§ Task details
With pictures excluded, give again exactly the lines running from the one holding "特別扱いとパチンコ逃避が招く高卒新人の自爆と無策な天下り工場長" through the end of the listing below.

Start of Supplied material

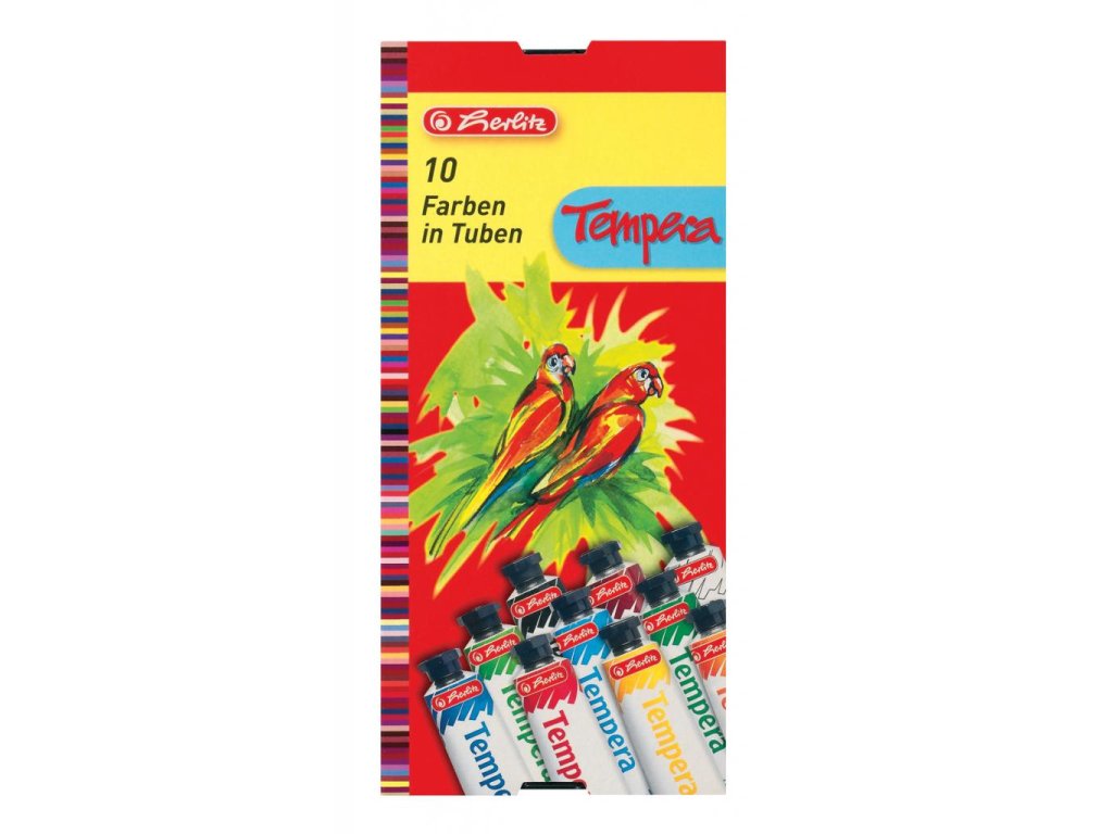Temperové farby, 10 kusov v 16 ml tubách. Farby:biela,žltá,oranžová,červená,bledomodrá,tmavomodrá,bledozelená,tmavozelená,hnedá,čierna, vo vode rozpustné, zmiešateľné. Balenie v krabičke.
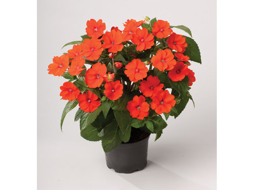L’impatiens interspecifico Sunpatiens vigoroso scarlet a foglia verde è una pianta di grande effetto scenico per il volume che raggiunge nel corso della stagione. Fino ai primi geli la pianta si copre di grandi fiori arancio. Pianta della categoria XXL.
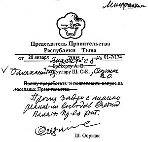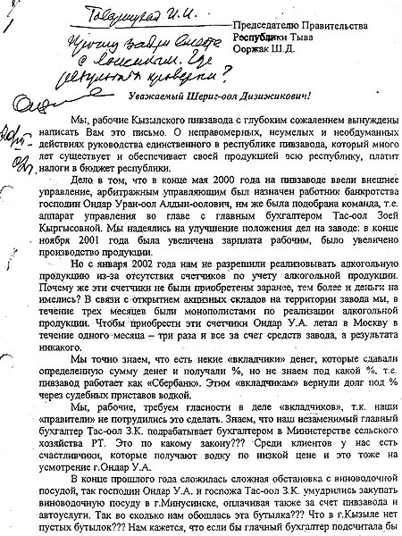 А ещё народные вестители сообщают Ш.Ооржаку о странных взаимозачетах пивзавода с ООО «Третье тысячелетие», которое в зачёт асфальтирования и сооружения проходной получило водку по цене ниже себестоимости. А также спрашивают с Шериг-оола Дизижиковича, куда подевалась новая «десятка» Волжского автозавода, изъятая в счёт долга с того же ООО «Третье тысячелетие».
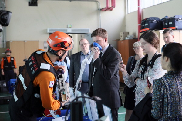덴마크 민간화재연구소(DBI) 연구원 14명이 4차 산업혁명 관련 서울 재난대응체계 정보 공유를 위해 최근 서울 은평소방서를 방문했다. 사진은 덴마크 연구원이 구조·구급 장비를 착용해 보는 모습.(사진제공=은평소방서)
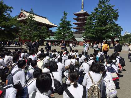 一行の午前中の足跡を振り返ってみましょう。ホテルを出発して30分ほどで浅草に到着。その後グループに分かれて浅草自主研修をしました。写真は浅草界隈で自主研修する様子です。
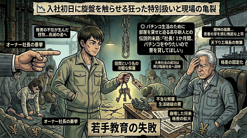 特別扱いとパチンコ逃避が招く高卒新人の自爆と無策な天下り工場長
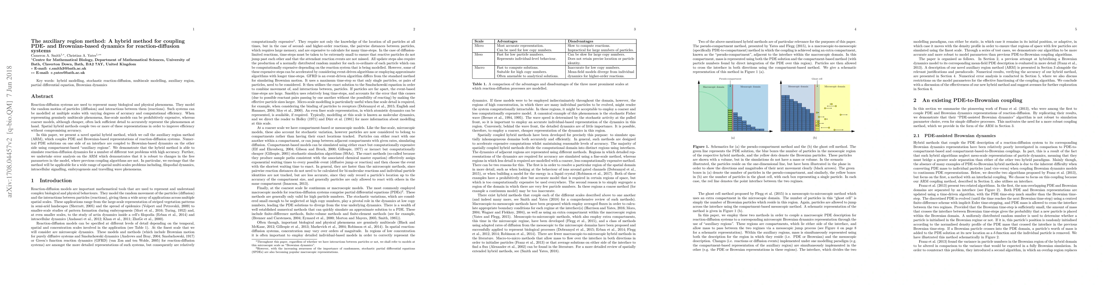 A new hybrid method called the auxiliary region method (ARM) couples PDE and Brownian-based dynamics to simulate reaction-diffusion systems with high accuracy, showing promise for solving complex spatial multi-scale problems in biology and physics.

End of Supplied material

§ Result
 特別扱いとパチンコ逃避が招く高卒新人の自爆と無策な天下り工場長
 A new hybrid method called the auxiliary region method (ARM) couples PDE and Brownian-based dynamics to simulate reaction-diffusion systems with high accuracy, showing promise for solving complex spatial multi-scale problems in biology and physics.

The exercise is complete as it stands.